Support Vector Classifier

Support vector classifier (SVC) is a binary classifier that finds the optimal hyperplane that separates the two classes.

Although SVC is inherently a binary classifier, it can be extended to multi-class classification (Lookup: one-vs-one, one-vs-rest, multiclass SVM).

Training data

For $i = 1, \dots, n$,
- $\mathbf{x}_i \in \mathbb{R}^p$ is the $i$-th observation.
  Do not confuse this notation with the $x_1$ and $x_2$ in the figure below. The $x_1$ and $x_2$ in the figure are notating the two hypothetical features just to illustrate the concept of SVC in a 2D space.
  In our case, each $\mathbf{x}_i$ is a $p$-dimensional vector that represents the $p$ features of the $i$-th observation (so each colored dots in the figure below).
- $y_i \in \{ -1, 1 \}$ is the (binary) class label of $x_i$.

Hyperplane

A hyperplane is an affine subspace of dimension $p-1$ in $\mathbb{R}^p$.
A hyperplane in $\mathbb{R}^2$ is a line (1-dimensional subspace) and in $\mathbb{R}^3$ is a plane (2-dimensional subspace).
We want to find the optimal hyperplane that separates the two classes.
The optimal hyperplane is the one that maximizes the margin (Maximal Margin Classifier), which is the distance between the hyperplane and the closest observations.

We want to estimate a hyperplane defined by,

$\mathbf{w} \in \mathbb{R}^p$ is the vector normal to the hyperplane.
$b \in \mathbb{R}$ is the bias of the hyperplane.
- If $b = 0$, the hyperplane passes through the origin.

$$ \mathbf{w}^\top \mathbf{x} + b = 0 $$

Equation looks different

As in the figure above, sometimes people define the hyperplane with a negative bias term:

\[\mathbf{w}^\top \mathbf{x} - b = 0\]

This is just a matter of notation and does not affect the estimation.

Support vectors

Support vectors are $\mathbf{x}_i$ that satisfy the following conditions:

$$ \begin{align*} \mathbf{w}^\top \mathbf{x}_i + b = 1 &\wedge y_i = 1 \\ \mathbf{w}^\top \mathbf{x}_i + b = -1 &\wedge y_i = -1 \end{align*} $$

More details

More generally, the support vectors are the observations that satisfy:

\[\begin{align*} \mathbf{w}^\top \mathbf{x}_i + b = a &\wedge y_i = 1 \\ \mathbf{w}^\top \mathbf{x}_i + b = -a &\wedge y_i = -1 \end{align*}\]

However, with data normalization, we can simplify $a = 1$.

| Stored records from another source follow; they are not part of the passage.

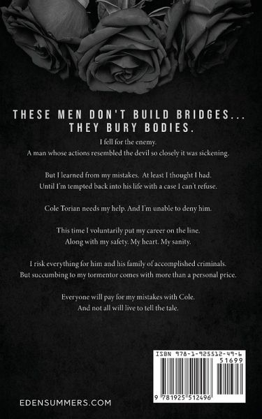 These men don't build bridges... They bury bodies. I fell for the enemy. A man whose actions resembled the devil so closely it was sickening. But I learned from my mistakes. At least I thought I had. Until I'm tempted back into his life with a case I can't refuse. Cole Torian needs my help. And I'm unable to deny him. This time I voluntarily put my career on the line. Along with my safety. My heart. My sanity. I risk everything for him and his family of accomplished criminals. But succumbing to my tormentor comes with more than a personal price. Everyone will pay for my mistakes with Cole. And not all will live to tell the tale.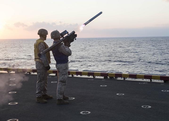 Keywords: uss kearsarge (lhd 3); npase; preston; 26th marine expeditionary unit; lhd 3; underway; stunger; marine usskearsargelhd3npasepreston26thmarineexpeditionaryunitlhd3underwaystungermarine mediterranean sea mediterraneansea usa stinger trainer launch system stingertrainerlaunchsystem outdoor 151029-N-AX638-091 MEDITERRANEAN SEA (Oct. 29, 2015) Cpl. Robert Stumpe, from East Stroudsburg, Pennsylvania, attached to the 26th Marine Expeditionary Unit, fires a stinger simulator from a Stinger Trainer Launch System while Cpl. Dylan Thompson, from Littleton, Colorado, acts as line coach on the flight deck aboard the amphibious assault ship USS Kearsarge (LHD 3), Oct. 29, 2015. Kearsarge, deployed as part of the Kearsarge Amphibious Ready Group, is conducting naval operations in the U.S. 6th Fleet area of operations in support of U.S. national security interests in Europe. (U.S. Navy Photo by Mass Communication Specialist Seaman Tyler Preston/Released) 151029-N-AX638-091 MEDITERRANEAN SEA (Oct. 29, 2015) Cpl. Robert Stumpe, from East Stroudsburg, Pennsylvania, attached to the 26th Marine Expeditionary Unit, fires a stinger simulator from a Stinger Trainer Launch System while Cpl. Dylan Thompson, from Littleton, Colorado, acts as line coach on the flight deck aboard the amphibious assault ship USS Kearsarge (LHD 3), Oct. 29, 2015. Kearsarge, deployed as part of the Kearsarge Amphibious Ready Group, is conducting naval operations in the U.S. 6th Fleet area of operations in support of U.S. national security interests in Europe. (U.S. Navy Photo by Mass Communication Specialist Seaman Tyler Preston/Released) |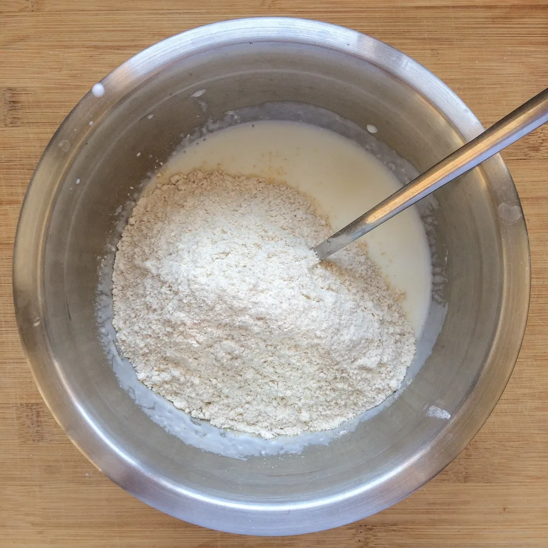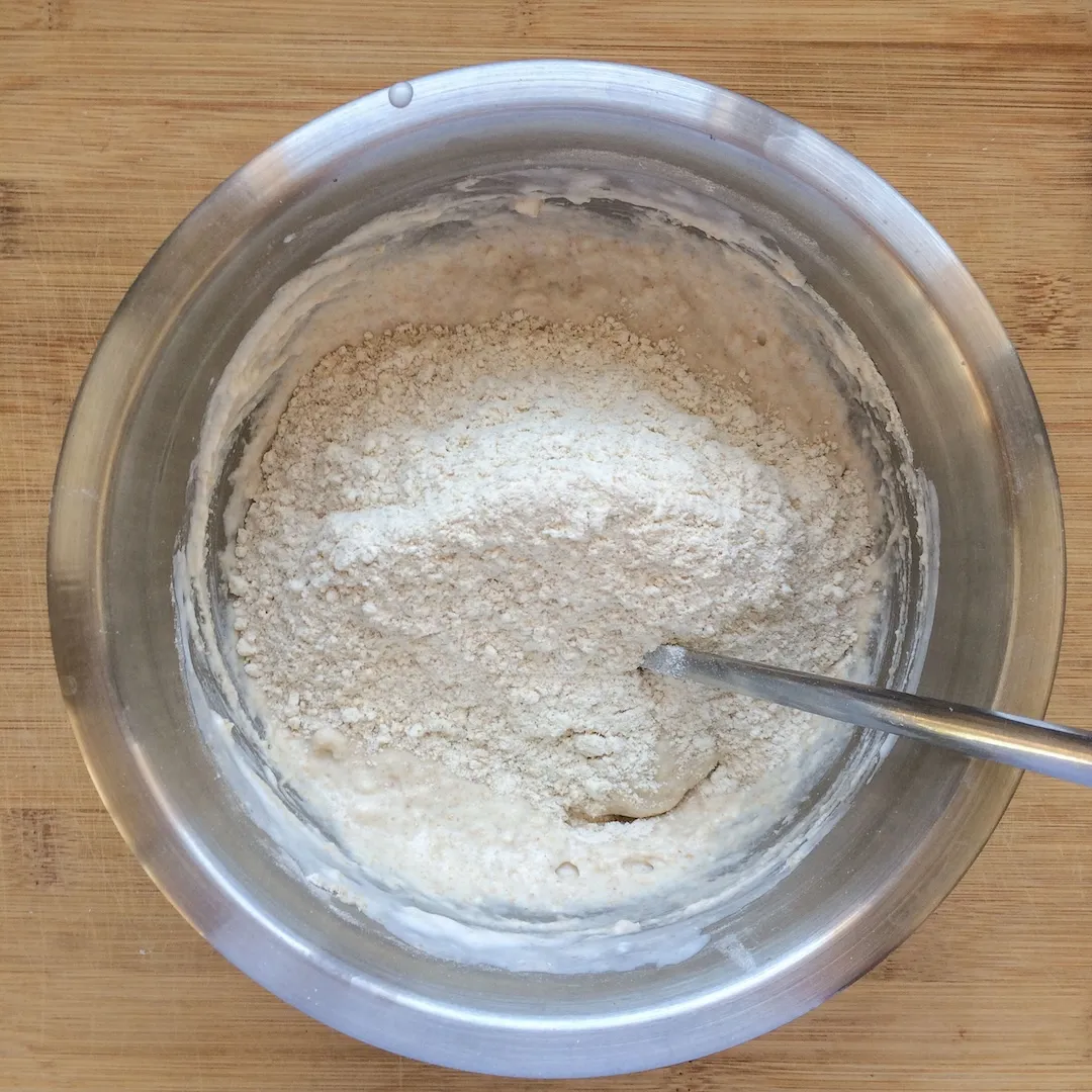 По частям вводим муку в кефир. Сначала 300 грамм, потом еще 50, и остаток. Перемешиваем ложкой. Вводим частями на случай, если твоя мука поглощает больше влаги, чем моя, чтобы тесто не получилось каменным булыжником. Вполне возможно, что тебе понадобится меньше муки, особенно если печешь на хлебной.

In the figure above the support vectors are the points on the dotted margin lines (two of which are blue and one green).

Support vectors are actual observations and not some hypothetical values that satisfy the conditions.

Optimization problem

Hard margin SVC

If the data are linearly separable, we can find a hyperplane that perfectly separates the two classes with a hard margin.

In order for classification to be perfect, we want the observations with label $y_i = 1$ to be above the blue support vectors and the observations with label $y_i = -1$ to be below the green support vector.

\[\begin{align*} \mathbf{w}^\top \mathbf{x}_i + b &\geq 1 & \text{if } y_i = +1 \\ \mathbf{w}^\top \mathbf{x}_i + b &\leq -1 & \text{if } y_i = -1 \end{align*}\]

This hard-margin contraint can be compactly written as:

\[y_i (\mathbf{w}^\top \mathbf{x}_i + b) \geq 1\]

$y_i (\mathbf{w}^\top \mathbf{x}_i + b)$ is sometimes called the confidence, i.e. the distance from the hyperplane to the observation. We want this distance to be at least 1 to be classified correctly.
Also, higher the distance, the more confident we are in the classification, hence the name.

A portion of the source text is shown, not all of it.